• WORK INSTRUCTIONS: From the first line of the listing below to the line with "圖為藏醫(yī)熏藥療法?!「哒?攝", print each line exactly, and nothing more. Leave out the pictures.

• DATASET EXTRACT:
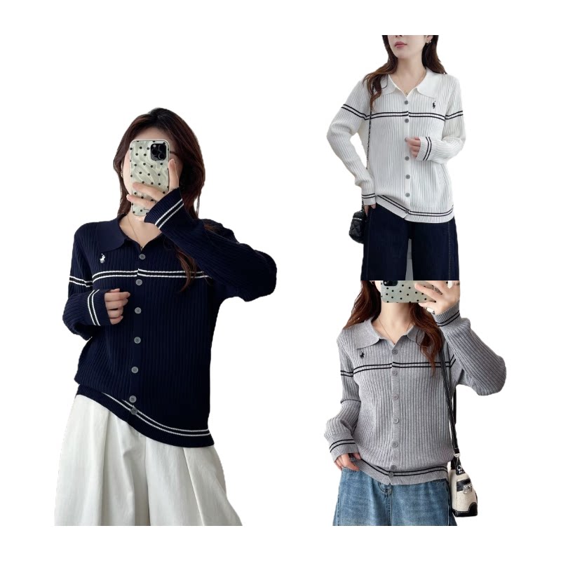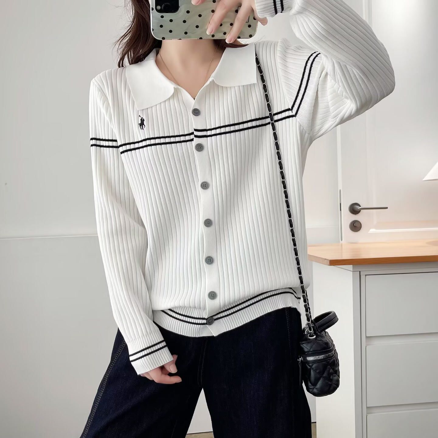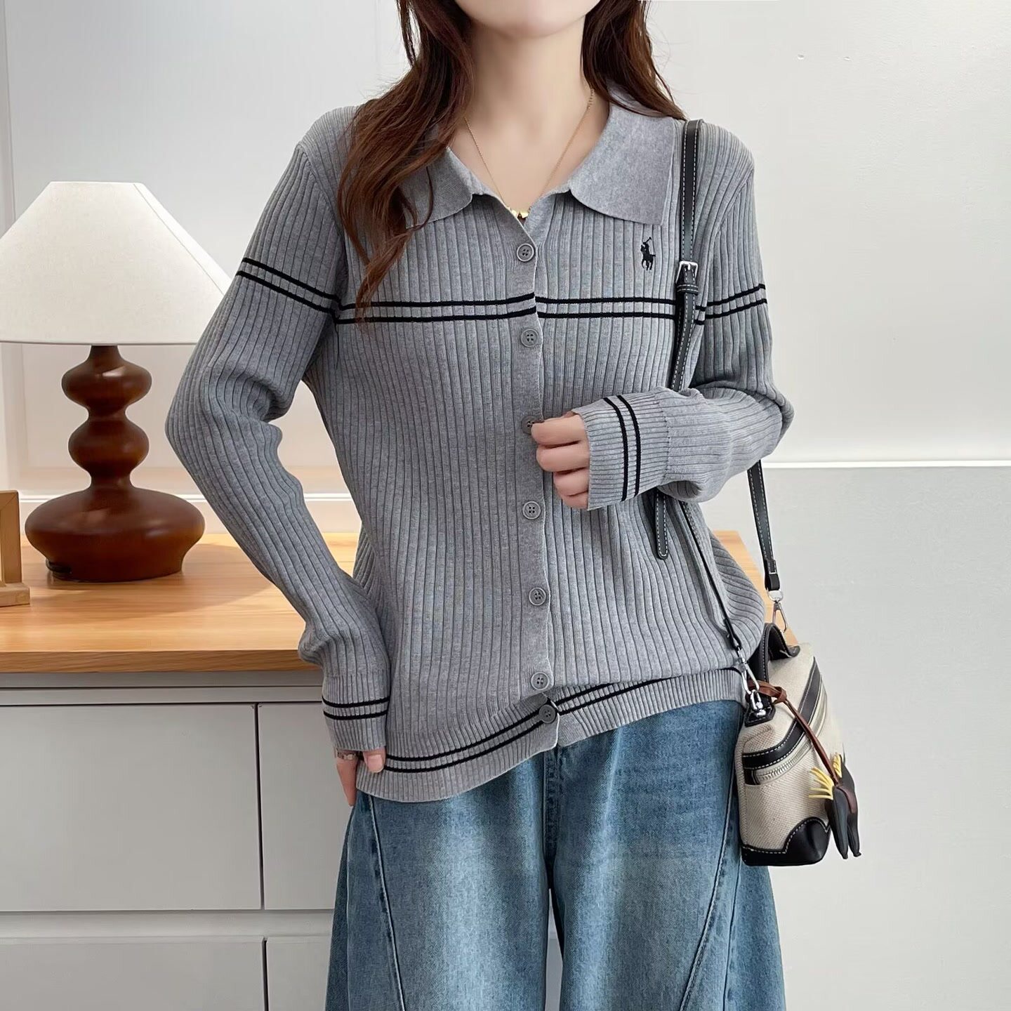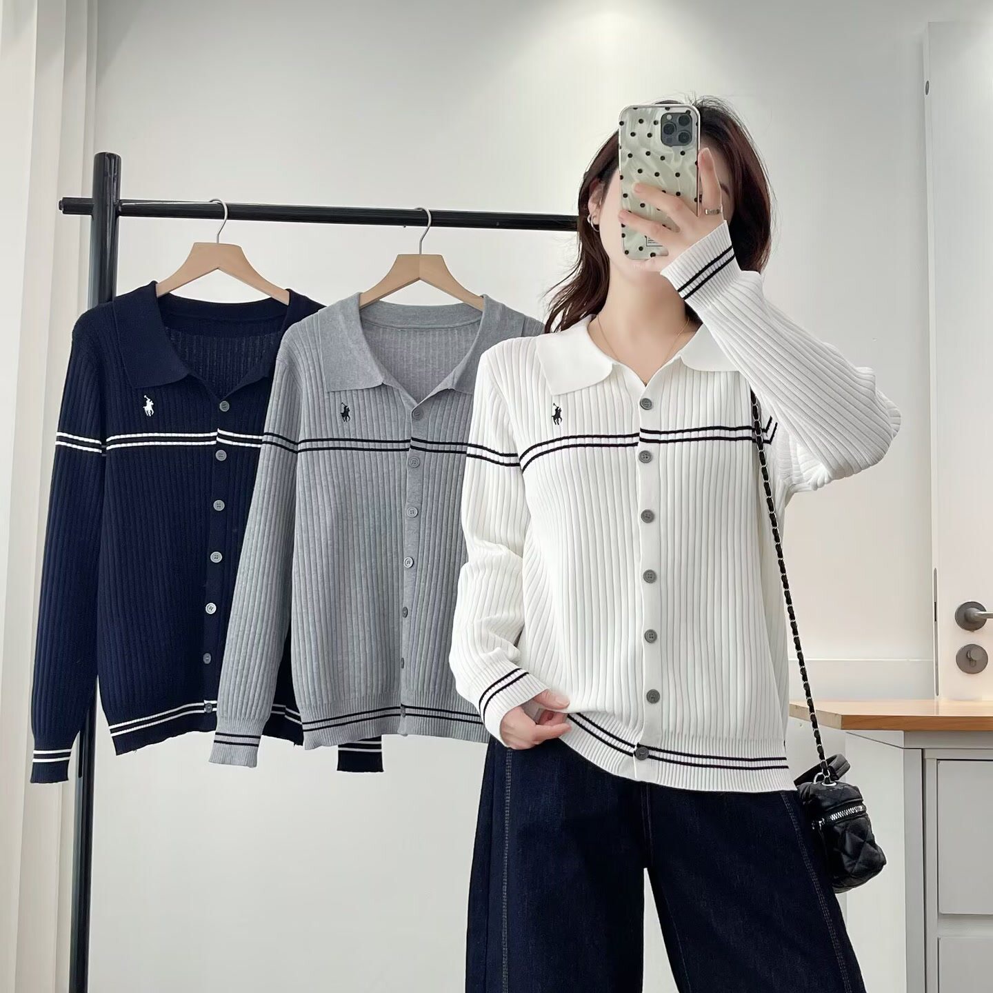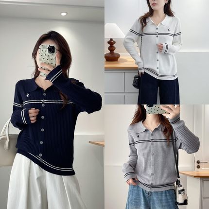大码女装遮肚子胖mm秋款韩系POLO领气质百搭显瘦长袖针织开衫1407
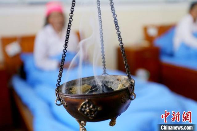 圖為藏醫(yī)熏藥療法?!「哒?攝
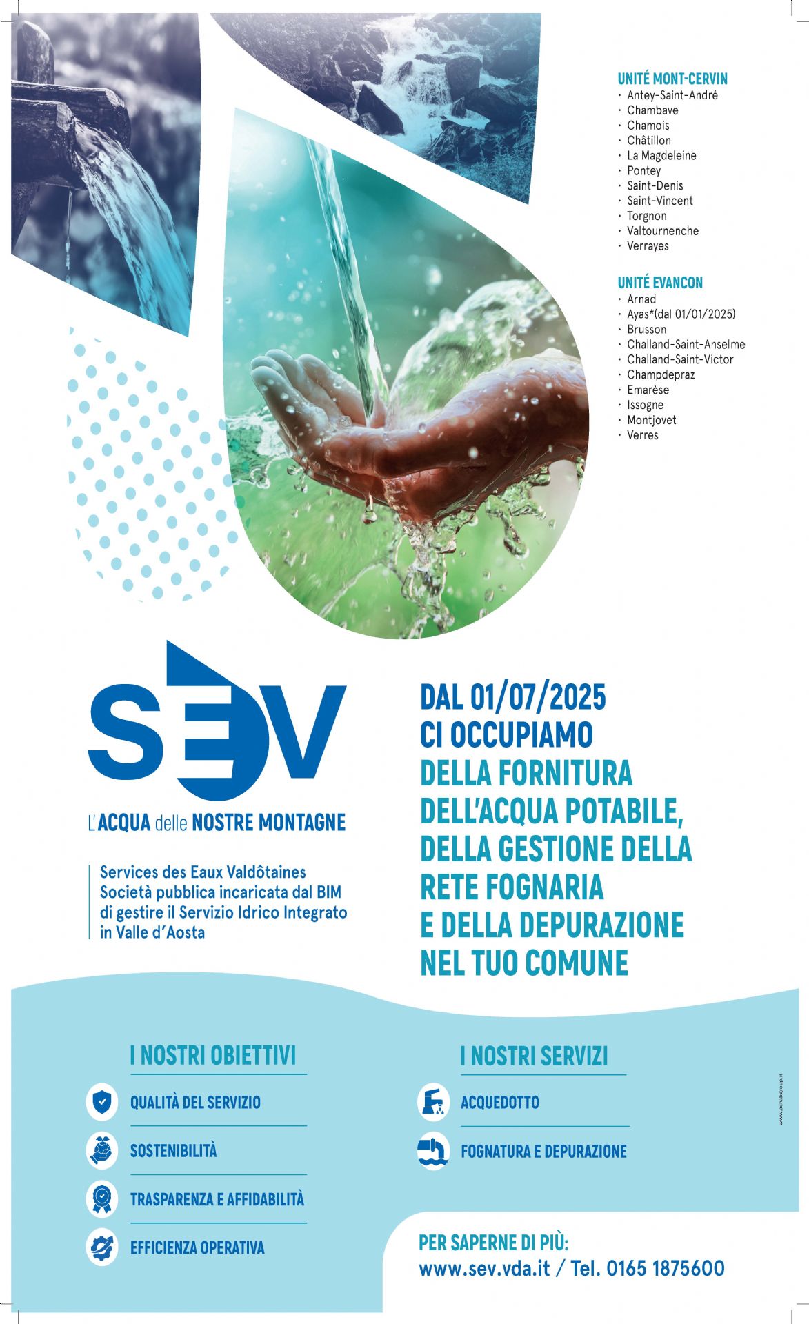 A decorrere dal 1° luglio 2025 il Servizio idrico comunale è sotto la gestione integrata della società Services des Eaux Valdôtaines (SEV) Srl con sede nel comune di Sarre, frazione La Grenade, n. 27, pertanto non è più in carico al comune.

• TASK RESULT:
大码女装遮肚子胖mm秋款韩系POLO领气质百搭显瘦长袖针织开衫1407
 圖為藏醫(yī)熏藥療法?!「哒?攝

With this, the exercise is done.